As pointed by Xi'an, an example where no best unbiased estimator exists is $x\sim\mathcal{U}[θ−1,θ+1]$. The proof is very technical and it might be interesting to extend it to "almost any $p$" which may be very difficult.

However the model here has a strong invariance property under translation. It makes sense looking only at equivariant estimators $S$ who are those such as:

$$S(X+(t,t,....t))=S(X)+t$$

Intuitively: when you shift the whole data, you shift the estimator just the same which sounds pretty natural. While there may be no best unbiased estimator, there is a unique best equivariant estimator.

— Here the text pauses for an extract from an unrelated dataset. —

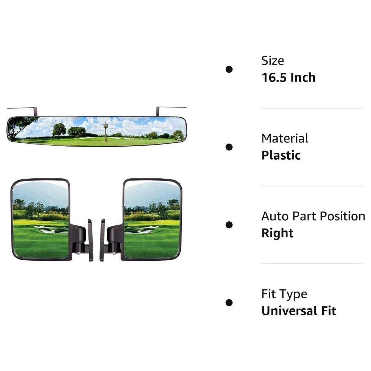 Upgrade your golf cart with the ultimate all-in-one visibility solution. This complete mirror kit includes both universal side view mirrors and a wide rear view mirror, all featuring a convenient foldable design. Engineered for quick, no-drill installation, this set provides 360° of awareness to eliminate blind spots, enhance safety in traffic, and make parking a breeze—whether on the course, in your community, or on the trails.

Equivariant estimators have constant MSE simply because their distribution just shifts with $\theta$. As a consequence they can be compared with a total order and you can simply evaluate their MSE under $\theta=0$. Note that they all have constant bias and can always be recentred to improve them. Thus the best equivariant estimator is necesserely unbiased.

To construct the best equivariant estimator, just write the ancillary statistics $\Delta=(X_2-X_1,X_3-X_1,...,X_n-X_1)$. It is easy to see that the equivariant estimators are those such as:

$$S(X)=X_1-f(\Delta)$$

Now the best $f$ is the one such as the MSE is the smallest (for example under $\theta=0$), it minimize $E_0((X_1-f(\Delta)^2)$ and the unique solution is $f(\Delta)=E_0(X_1|\Delta)$ : the projection of $X_1$ onto the space of $\Delta$-measurable variables. Note that other ancillary statistics could be used and would yield the same estimator.

Thus the best equivariant estimator is: $$\hat\theta = X_1-E_0(X_1|\Delta)$$

For the general theory of equivariant estimators see: Invariant estimation. This estimator is known as the Pitman equivariant estimator.

Other equivariant estimators include:

• recentered (debiased) MLE
• Bayesian $E(\theta|X)$ with uniform prior on $\theta$

We can be sure they are not better. But in fact our Pitman estimator is the same as the Bayesian one (see the reference). MLE however is generally less good. See Xi'an answer for an example for the Cauchy distribution.